*Available data:*
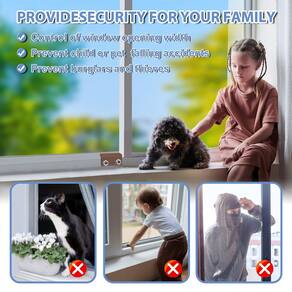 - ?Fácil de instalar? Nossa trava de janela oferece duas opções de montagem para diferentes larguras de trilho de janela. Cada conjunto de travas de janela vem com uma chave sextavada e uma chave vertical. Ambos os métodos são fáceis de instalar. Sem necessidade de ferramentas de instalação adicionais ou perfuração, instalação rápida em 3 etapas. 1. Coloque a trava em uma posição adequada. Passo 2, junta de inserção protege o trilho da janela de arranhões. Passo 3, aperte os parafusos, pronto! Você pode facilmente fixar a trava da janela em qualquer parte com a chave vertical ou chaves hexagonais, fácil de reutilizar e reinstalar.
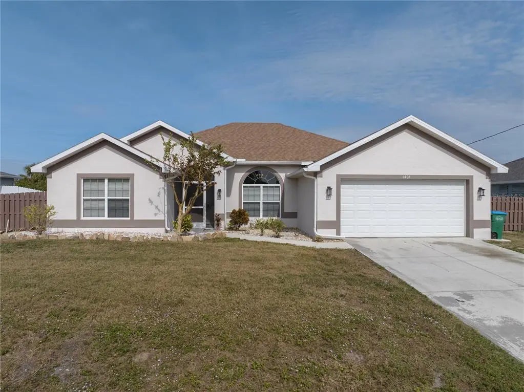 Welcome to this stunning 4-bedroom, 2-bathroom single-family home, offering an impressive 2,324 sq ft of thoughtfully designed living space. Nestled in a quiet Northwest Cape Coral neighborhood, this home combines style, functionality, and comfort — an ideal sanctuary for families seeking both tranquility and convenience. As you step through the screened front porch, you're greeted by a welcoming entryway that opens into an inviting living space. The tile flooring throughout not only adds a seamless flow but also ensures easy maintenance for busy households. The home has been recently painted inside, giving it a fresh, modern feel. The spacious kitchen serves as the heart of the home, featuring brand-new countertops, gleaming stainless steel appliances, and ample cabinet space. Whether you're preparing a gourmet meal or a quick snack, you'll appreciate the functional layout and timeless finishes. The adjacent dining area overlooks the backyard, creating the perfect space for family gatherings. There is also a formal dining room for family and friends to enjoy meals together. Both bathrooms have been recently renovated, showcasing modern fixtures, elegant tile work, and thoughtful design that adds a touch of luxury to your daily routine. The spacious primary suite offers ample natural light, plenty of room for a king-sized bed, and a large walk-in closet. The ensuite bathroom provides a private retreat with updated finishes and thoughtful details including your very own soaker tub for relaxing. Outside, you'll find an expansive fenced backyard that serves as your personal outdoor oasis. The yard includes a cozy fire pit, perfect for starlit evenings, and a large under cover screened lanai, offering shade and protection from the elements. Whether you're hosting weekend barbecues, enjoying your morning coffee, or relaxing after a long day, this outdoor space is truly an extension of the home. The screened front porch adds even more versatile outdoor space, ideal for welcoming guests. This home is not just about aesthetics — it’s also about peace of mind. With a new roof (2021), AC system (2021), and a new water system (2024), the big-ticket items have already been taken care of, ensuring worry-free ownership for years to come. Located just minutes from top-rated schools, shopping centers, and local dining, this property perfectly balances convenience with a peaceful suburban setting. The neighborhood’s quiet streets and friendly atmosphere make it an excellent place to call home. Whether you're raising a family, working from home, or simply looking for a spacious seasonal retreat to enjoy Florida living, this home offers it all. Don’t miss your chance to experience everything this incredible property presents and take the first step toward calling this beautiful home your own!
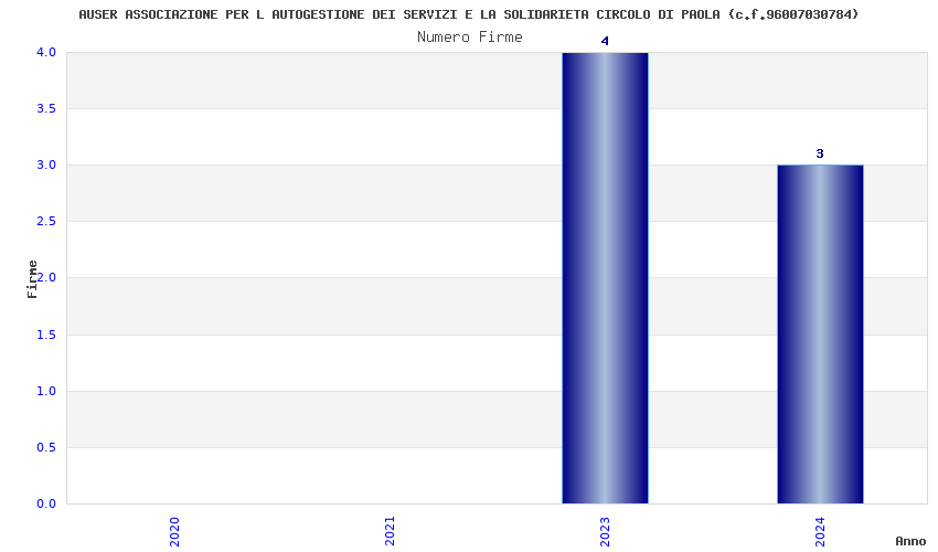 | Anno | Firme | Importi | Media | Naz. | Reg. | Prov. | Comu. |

*Exercise description:* Would you return all of the data above word for word, omitting every picture?

*Answer below:*
 - ?Fácil de instalar? Nossa trava de janela oferece duas opções de montagem para diferentes larguras de trilho de janela. Cada conjunto de travas de janela vem com uma chave sextavada e uma chave vertical. Ambos os métodos são fáceis de instalar. Sem necessidade de ferramentas de instalação adicionais ou perfuração, instalação rápida em 3 etapas. 1. Coloque a trava em uma posição adequada. Passo 2, junta de inserção protege o trilho da janela de arranhões. Passo 3, aperte os parafusos, pronto! Você pode facilmente fixar a trava da janela em qualquer parte com a chave vertical ou chaves hexagonais, fácil de reutilizar e reinstalar.
 Welcome to this stunning 4-bedroom, 2-bathroom single-family home, offering an impressive 2,324 sq ft of thoughtfully designed living space. Nestled in a quiet Northwest Cape Coral neighborhood, this home combines style, functionality, and comfort — an ideal sanctuary for families seeking both tranquility and convenience. As you step through the screened front porch, you're greeted by a welcoming entryway that opens into an inviting living space. The tile flooring throughout not only adds a seamless flow but also ensures easy maintenance for busy households. The home has been recently painted inside, giving it a fresh, modern feel. The spacious kitchen serves as the heart of the home, featuring brand-new countertops, gleaming stainless steel appliances, and ample cabinet space. Whether you're preparing a gourmet meal or a quick snack, you'll appreciate the functional layout and timeless finishes. The adjacent dining area overlooks the backyard, creating the perfect space for family gatherings. There is also a formal dining room for family and friends to enjoy meals together. Both bathrooms have been recently renovated, showcasing modern fixtures, elegant tile work, and thoughtful design that adds a touch of luxury to your daily routine. The spacious primary suite offers ample natural light, plenty of room for a king-sized bed, and a large walk-in closet. The ensuite bathroom provides a private retreat with updated finishes and thoughtful details including your very own soaker tub for relaxing. Outside, you'll find an expansive fenced backyard that serves as your personal outdoor oasis. The yard includes a cozy fire pit, perfect for starlit evenings, and a large under cover screened lanai, offering shade and protection from the elements. Whether you're hosting weekend barbecues, enjoying your morning coffee, or relaxing after a long day, this outdoor space is truly an extension of the home. The screened front porch adds even more versatile outdoor space, ideal for welcoming guests. This home is not just about aesthetics — it’s also about peace of mind. With a new roof (2021), AC system (2021), and a new water system (2024), the big-ticket items have already been taken care of, ensuring worry-free ownership for years to come. Located just minutes from top-rated schools, shopping centers, and local dining, this property perfectly balances convenience with a peaceful suburban setting. The neighborhood’s quiet streets and friendly atmosphere make it an excellent place to call home. Whether you're raising a family, working from home, or simply looking for a spacious seasonal retreat to enjoy Florida living, this home offers it all. Don’t miss your chance to experience everything this incredible property presents and take the first step toward calling this beautiful home your own!
 | Anno | Firme | Importi | Media | Naz. | Reg. | Prov. | Comu. |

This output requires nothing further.